By Peter Nurse
Investing.com - Oil prices traded lower Monday, continuing the recent negative trend as the spread of China’s coronavirus hits demand from the world’s largest importer while doubts remain about the extent and timing of future production cuts from major producers.
By 8:20 AM ET (1320 GMT), U.S. crude futures were 0.1% lower at $50.30 a barrel, while futures in U.K. Brent, the global crude benchmark, were 0.3% lower at $54.30 a barrel.

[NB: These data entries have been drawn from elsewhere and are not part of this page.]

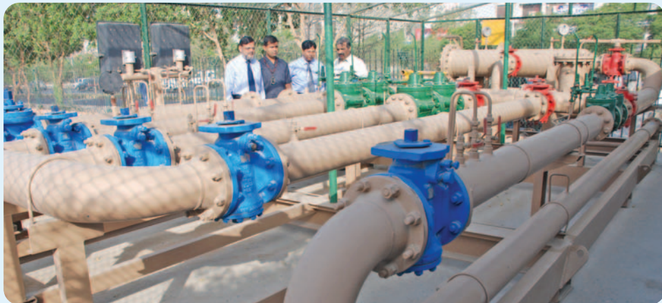
Distribution and SCADA executives inspecting the installation

The Karachi Distribution Department in coordination of SCADA has successfully constructed and installed an Automatic Pressure Management System at Expo Centre Town Border Station (TBS) near the SSGC Head Office. The system is operating successfully.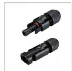
Standard4 connectors / Standard4 Verbinder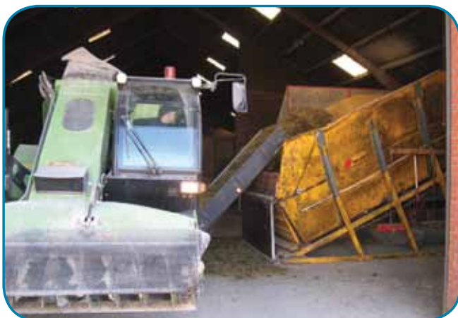
מילוי האבוס באמצעות מסוע

בהתחלה חיפשנו דרכים להחליף את אופן האבסה המקובלת ולבטל את העגלה שמחלקת מזון לאורך האבוסים המקורים. ישנם פתרונות פשוטים ומעניינים שמאפשרים להגיש לפרה אוכל טרי על גבי מסוע, בכל שעה, מתוך מכל אחסון ביניים בקצה הסככה. אבל עדיין מיקום האבוס הוא קבוע ולכן יש צורך במדרך בטון לפרות. המשכנו והגענו אל פיתוח רעיון של האבסה באבוסים ניידים. ישנם כאלה בשימוש בשדות הירוקים של אירופה (ראה תמונה) ולמה לא

Last week, the oil market posted a fifth straight losing week. Combined losses over the five weeks stood at more than 22% for both benchmarks, leaving them in bear market territory.
The coronavirus outbreak shows no immediate signs of slowing down, with the death toll climbing above 900 over the weekend, overtaking that of the SARS outbreak almost two decades ago, and with over 40,000 people affected. Some manufacturers reopened their offices Monday, but a large number of workplaces still remain closed and many white-collar workers will continue to work from home.
The toll on China's already-slowing economy has been heavy, with Goldman Sachs (NYSE:GS) cutting its first quarter GDP target to 4% from 5.6% previously and saying an even deeper hit is possible.
“Following the Lunar New Year, the impact that the coronavirus is having on oil demand is becoming clearer, “ said analysts at ING, in a research note. “Refinery run rates for independent refiners in Shandong stood at 50.33% as of 7 February, down from 64.56% prior to the Lunar New Year holidays.”
“These cuts have led to a sharp increase in crude oil inventories in the country over the last 2 weeks, with Shandong crude stocks increasing by 11.57MMbbls, to total 51.69MMbbls as of the 7 February.”
Turning to the supply side of the equation, the latest Platts survey of production levels from the members of the Organization of Petroleum Exporting Countries released Friday found the bloc's crude oil production fell 470,000 b/d in January.
This reduction hasn’t been enough to give the oil prices a boost, but there is still no word from Russia on whether they will back the additional cuts of 600,000 barrels a day suggested by the technical experts of OPEC and its allies last week.
Additionally, there are growing doubts over whether the extraordinary meeting currently set for the beginning of March will be moved up, ING added, with Azerbaijan’s energy minister commenting that an early meeting “most likely won’t happen”.